Action item>
Copy every entry verbatim and skip the pictures.

Record excerpts>
^^^^

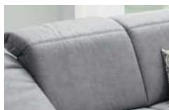
Rücken 2 nicht verstellbar
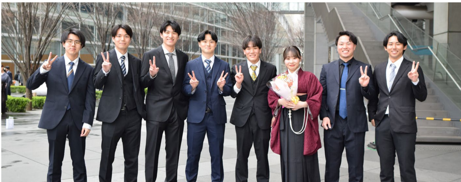
それぞれの夢を胸に、2,427人が新たな未来へ歩み出す
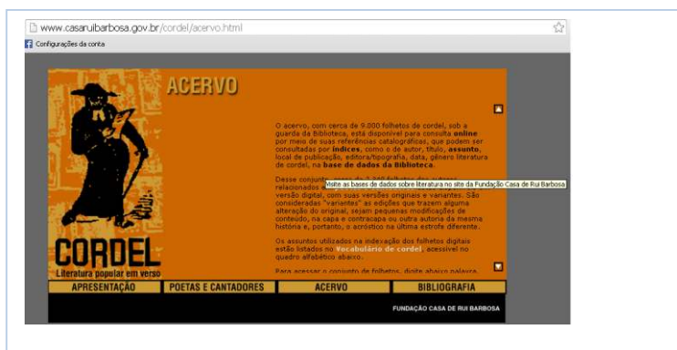
Figura 5: Página do link acervo de cordel da Fundação Casa Rui Barbosa, Rio de Janeiro, RJ

Biblos :Revista do Instituto de Ciências Humanas e da Informação, v. 29, n.2, 2015.
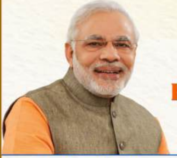
Shri Narendra Modi
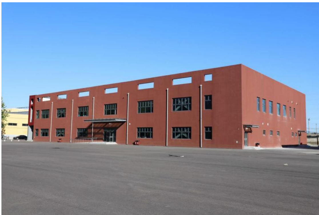
（投资 5270 万元建设 4900 平方米的中德智能制造产教融合实训基地）
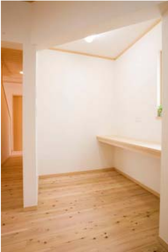
奥様あこがれの趣味を楽しめるマルチスペース。
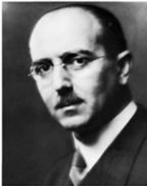
ГАНС КЕЛЬЗЕН (1881 – 1973)
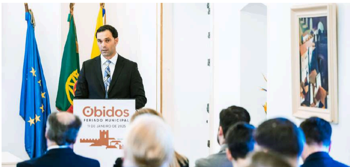
O presidente da Câmara a discursar

Após a aquisição dos dois lotes onde se encontrava o "Novo Banco", a Câmara vai avançar com o Edifício Multisserviços, "equipamento fundamental para quebrar barreiras arquitetónicas
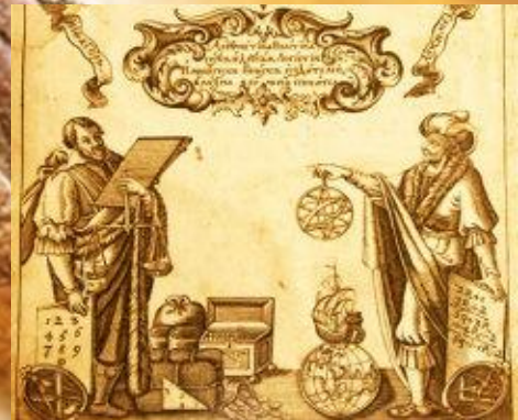
Фронтиспис из "Арифметики" Магницкого. Гравюра на меди М. Карновского
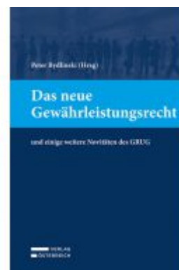
Das neue Gewährleistungsrecht Ladenpreis: 59,00EUR
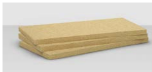
>> Pannello 220
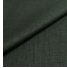
Lido trend 140 Storm 1017551
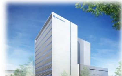
所沢駅東口駅前建設された日本光電工業株式会社総合技術開発センター
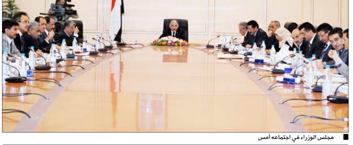
مجلس الوزراء في اجتماعه أمس

الحصر ليمتد الحصر الدقيق والقانوني للأضرار التي لحقت بجميع المنشآت الحكومية، كما وجه أمين العاصمة بحصر الأضرار التي لحقت بمنزل المواطنين بالحصة جراء اعتداءات عصابة أولاد الأحمر وذلك تمهيداً لإعادة أعمارها وتعويضهم عن الأضرار. ولدى استعراضه تقريراً عن أوضاع النازحين من أبين إلى محافظتي عدن ولحج جراء المعارك الجارية بين أفراد القوات المسلحة والأمن والعناصر الإرهابية من تنظيم القاعدة، أكد مجلس الوزراء دعم النازحين بتوفير كل ما يحتاجونه من متطلبات وخدمات ضرورية، وأثنى على الجهود التي تبذلها أمانة العاصمة لتسيير أول قافلة إغاثة شعبية للنازحين باعتبار ذلك وحياً مجلس الوزراء الأعمال البطولية التي يقوم بها رجال القوات المسلحة والأمن والمواطنون الشرفاء من أبناء المحافظة وما يبذلونه من جهد في هذه المهمة الوطنية لدحر فلول الإرهاب وتمشيط مدينة زنجبار من العناصر الإرهابية التابعة لتنظيم القاعدة. (التفاصيل من 3)
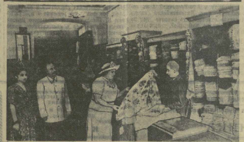
В универсаме № 1 Тбилисморторга.

В магазине № 12 специализированного торгового «Грузобувь» также был обнаружен журнал спроса, но без единой записи. Между тем спрос потребителей, в особенно-
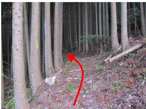
スギの植林帯に入る。
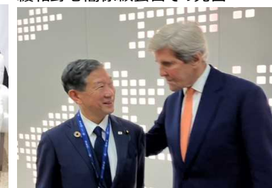
米・ケリー特使との意見交換

^^^^

Your solution>
Rücken 2 nicht verstellbar
それぞれの夢を胸に、2,427人が新たな未来へ歩み出す
Figura 5: Página do link acervo de cordel da Fundação Casa Rui Barbosa, Rio de Janeiro, RJ

Biblos :Revista do Instituto de Ciências Humanas e da Informação, v. 29, n.2, 2015.
Shri Narendra Modi
（投资 5270 万元建设 4900 平方米的中德智能制造产教融合实训基地）
奥様あこがれの趣味を楽しめるマルチスペース。
ГАНС КЕЛЬЗЕН (1881 – 1973)
O presidente da Câmara a discursar

Após a aquisição dos dois lotes onde se encontrava o "Novo Banco", a Câmara vai avançar com o Edifício Multisserviços, "equipamento fundamental para quebrar barreiras arquitetónicas
Фронтиспис из "Арифметики" Магницкого. Гравюра на меди М. Карновского
Das neue Gewährleistungsrecht Ladenpreis: 59,00EUR
>> Pannello 220
Lido trend 140 Storm 1017551
所沢駅東口駅前建設された日本光電工業株式会社総合技術開発センター
مجلس الوزراء في اجتماعه أمس

الحصر ليمتد الحصر الدقيق والقانوني للأضرار التي لحقت بجميع المنشآت الحكومية، كما وجه أمين العاصمة بحصر الأضرار التي لحقت بمنزل المواطنين بالحصة جراء اعتداءات عصابة أولاد الأحمر وذلك تمهيداً لإعادة أعمارها وتعويضهم عن الأضرار. ولدى استعراضه تقريراً عن أوضاع النازحين من أبين إلى محافظتي عدن ولحج جراء المعارك الجارية بين أفراد القوات المسلحة والأمن والعناصر الإرهابية من تنظيم القاعدة، أكد مجلس الوزراء دعم النازحين بتوفير كل ما يحتاجونه من متطلبات وخدمات ضرورية، وأثنى على الجهود التي تبذلها أمانة العاصمة لتسيير أول قافلة إغاثة شعبية للنازحين باعتبار ذلك وحياً مجلس الوزراء الأعمال البطولية التي يقوم بها رجال القوات المسلحة والأمن والمواطنون الشرفاء من أبناء المحافظة وما يبذلونه من جهد في هذه المهمة الوطنية لدحر فلول الإرهاب وتمشيط مدينة زنجبار من العناصر الإرهابية التابعة لتنظيم القاعدة. (التفاصيل من 3)
В универсаме № 1 Тбилисморторга.

В магазине № 12 специализированного торгового «Грузобувь» также был обнаружен журнал спроса, но без единой записи. Между тем спрос потребителей, в особенно-
スギの植林帯に入る。
米・ケリー特使との意見交換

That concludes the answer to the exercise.